Theoretical guarantees:
- $J(U,V)$ monotonically decreases as we iterate.
- Potentially many local minima. So, initialization is important.

Example 1 (Alternating Minimization Example) \[ Y=\mqty[5&?&7\\?&2&?\\7&1&4\\4&?&?\\?&3&6] \]

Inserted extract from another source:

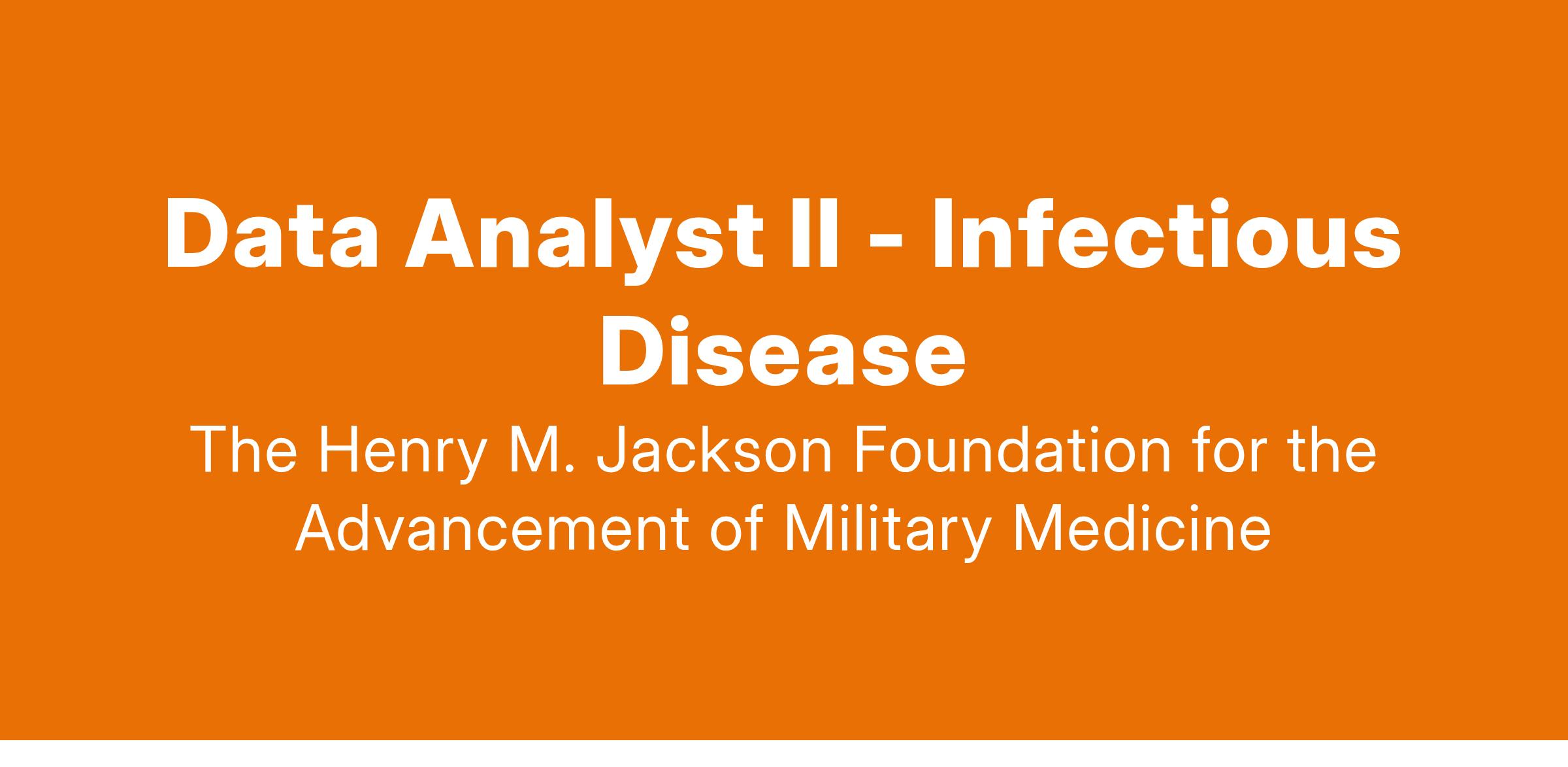 HJF is seeking a Data Analyst II to provide analytic support to epidemiologists, biostatisticians and scientists and ensure data quality, data integrity, and model development/testing.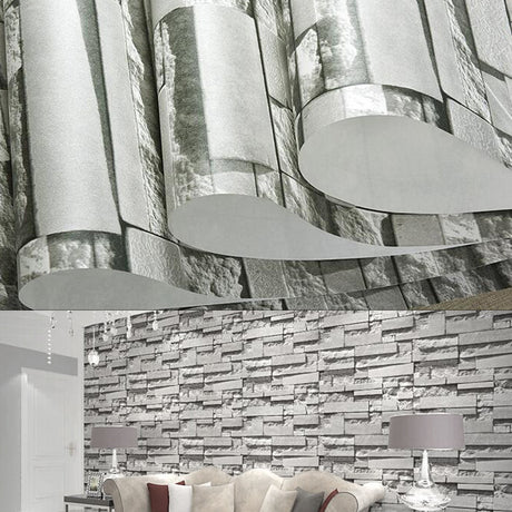 Stacked Brick Wallpaper Realistic 3D Effect Rustic Feature Wall Covers, Dark Grey

Hyperparameters: $d=1$, $\lambda=1$.
After some iterations, we have \[U=\mqty[6,2,3,3,5]^\top\quad\text{and}\quad V=\mqty[4,1,5]^\top.\]
Then, we will update $u^{(1)}$ as follows
- $\text{error}=\qty(Y_{1,1}-\hat Y_{1,1})^2=\qty(5-6\times4)^2=19^2$.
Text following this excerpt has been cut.